Only kits bearing the letters "NF" for "French norm" are recognized by the French police, wrote the Süddeutsche Zeitung on Thursday. An initial grace period lasts until the end of October, after which police will begin issuing fines of €11 to drivers caught without a kit.

The French government is hoping that the requirement will encourage French motorists to test themselves before driving if they have consumed any alcohol - and that using the kit will become as normal as reaching for a condom before sex, wrote the paper.

"The test in the glove compartment constantly reminds of the risks of alcohol and helps raise awareness with drivers," the head of the French L'Automobile motoring club Didier Bollecker told the paper.

Alcohol is responsible for almost a third of fatal car accidents on French roads, according to Der Spiegel, compared with one in five British and just one in ten German accidents.
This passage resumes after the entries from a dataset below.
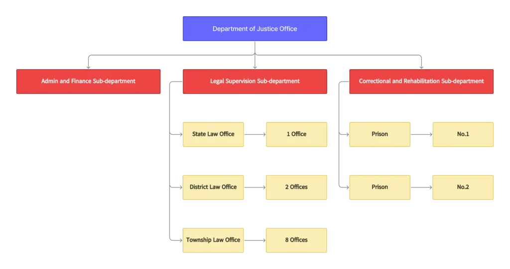 The office of the Department of Justice reviews and provides recommendations on laws, rules, regulations, announcements, orders, directives, procedures, and manuals. The Administration and Finance Sub-department handles personnel matters, administration, and fundraising. The Legal Affairs Supervision Sub-department oversees the operations of one State Law Office, two District Law Offices, and eight Township Law offices to manage legal affairs. The Sub-department of Moral Corrections and Rehabilitation manages Prison No. 1 and Prison No. 2.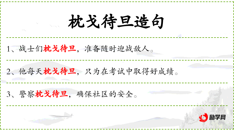3. 【枕戈待旦】 - 戈:古代的一种兵器;旦:早晨。意思是立志杀敌,枕着武器睡觉等天亮。形容时刻准备作战,。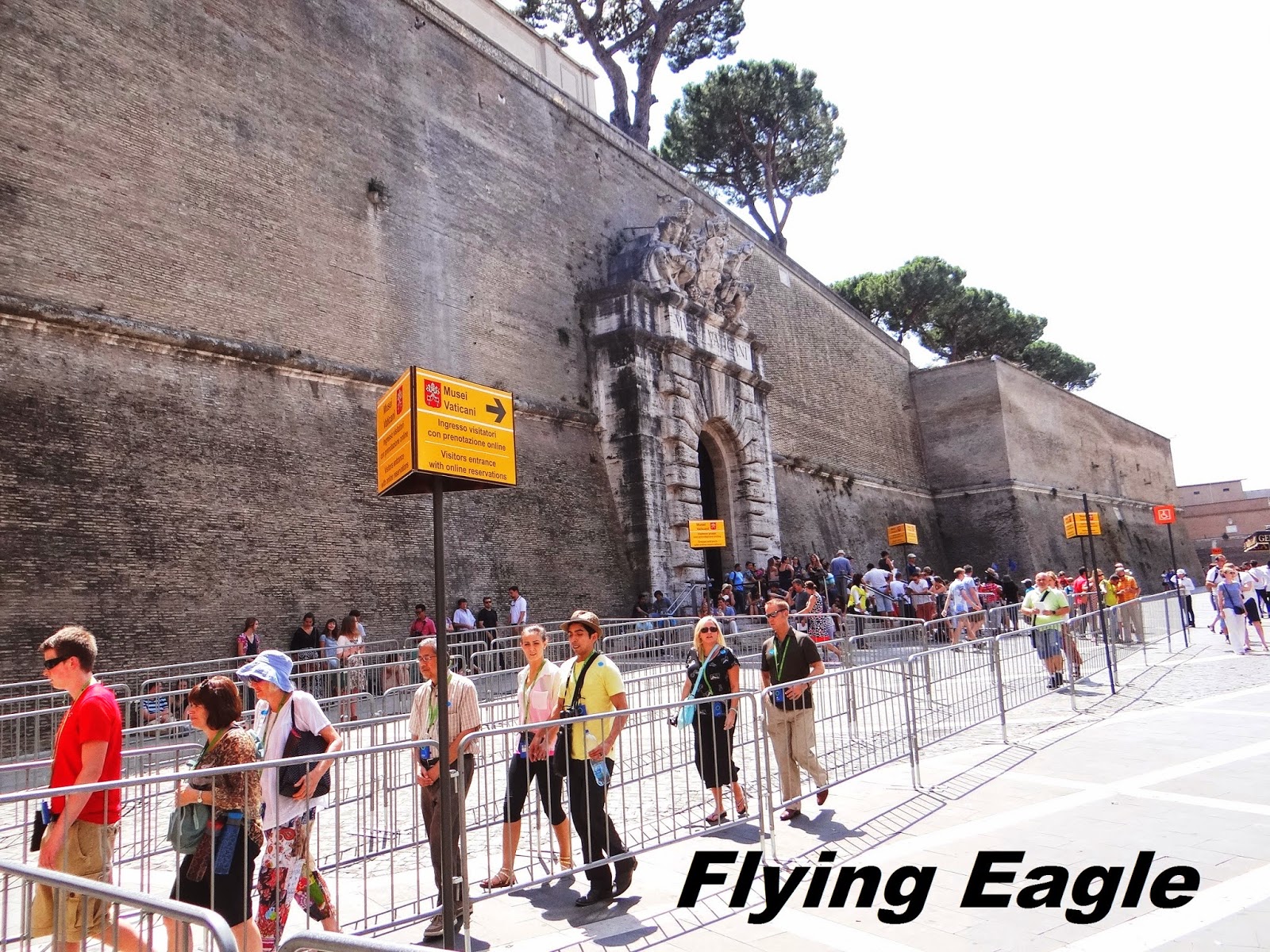 自從知道某些世界名畫被收藏在梵蒂岡的西斯汀教堂,對這個教堂便心生嚮往,這一天總算來到啦,我們接著就是要去梵蒂岡教廷!我們從梵蒂岡的外牆便開始排隊,很慶幸這一天的遊客不多,毋需久候。梵蒂岡位於義大利羅馬市,是非常罕見的國中國。它是世上土地最小、人口最少的主權國家,人口僅有800多而已,但是因為它是天主教的信仰中心,在全球具有舉足輕重的影響力。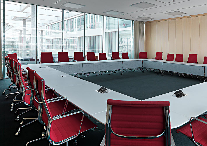 Ideal para salas de conferência: A Deskbox oscilante mostra subtilmente o seu tamanho. As diversas versões permitem equipar os diferentes espaços de acordo com as suas necessidades e desejos.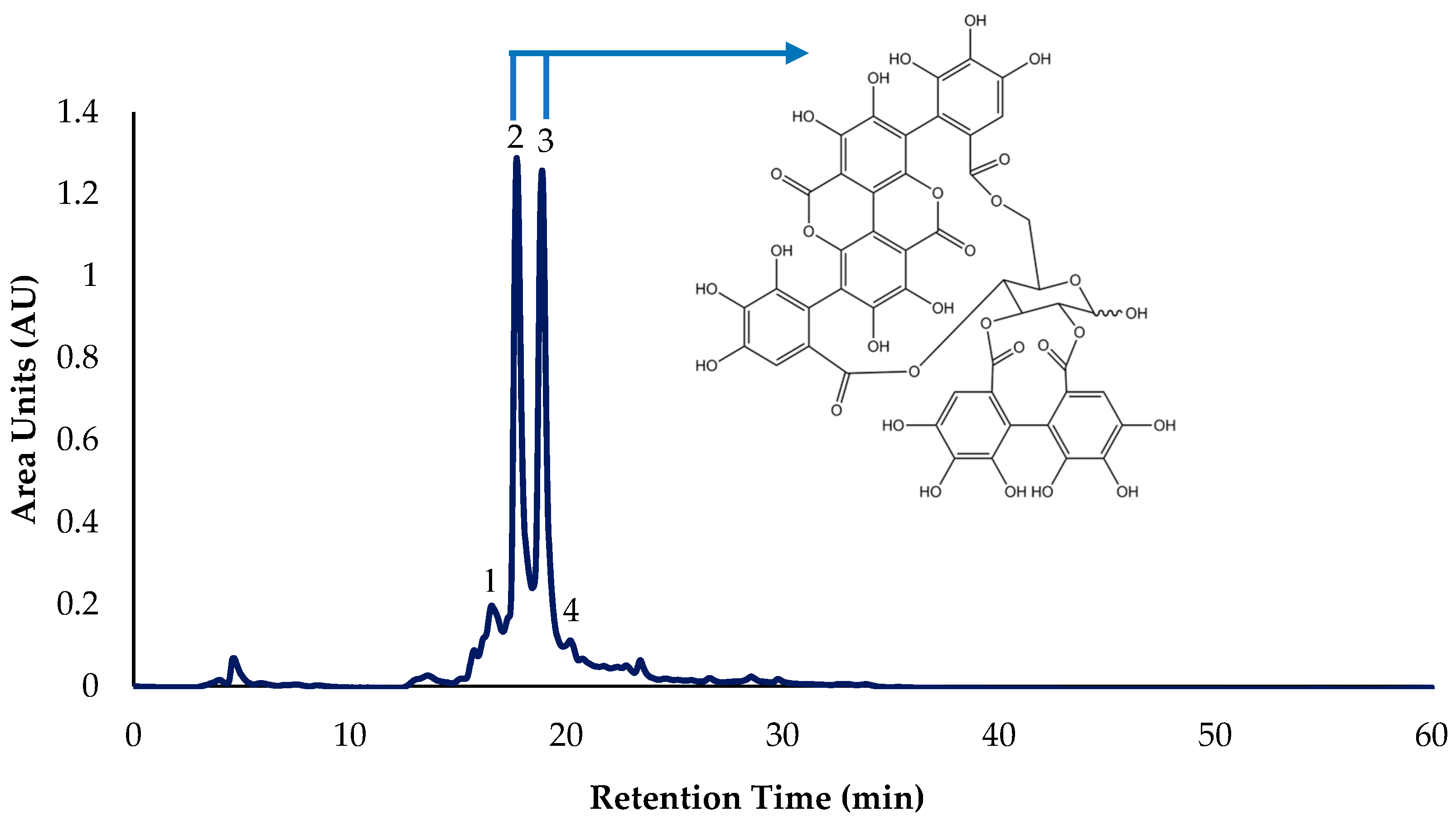 3.4. Flash Chromatography and Semipurification of Ellagitannins
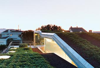 An angular hydroponic rooftop garden gently tops this suburban sustainable home in Liers, Spain.

A spokeswoman for ADAC told the Süddeutsche Zeitung there was "no need" for a similar requirement in Germany because German motorists were able "to decide by themselves whether they were able to drive."

Story continues below…

France has the same legal alcohol limit for motorists as Germany - 0.5 mg of alcohol per millilitre of blood. Drivers found exceeding this limit up to 0.8 mg/ml can be fined up to €750, while higher blood alcohol levels can lead to fines of up to €4500 and a suspended sentence, according to the paper.

The Local/jlb

The Local (news@thelocal.de)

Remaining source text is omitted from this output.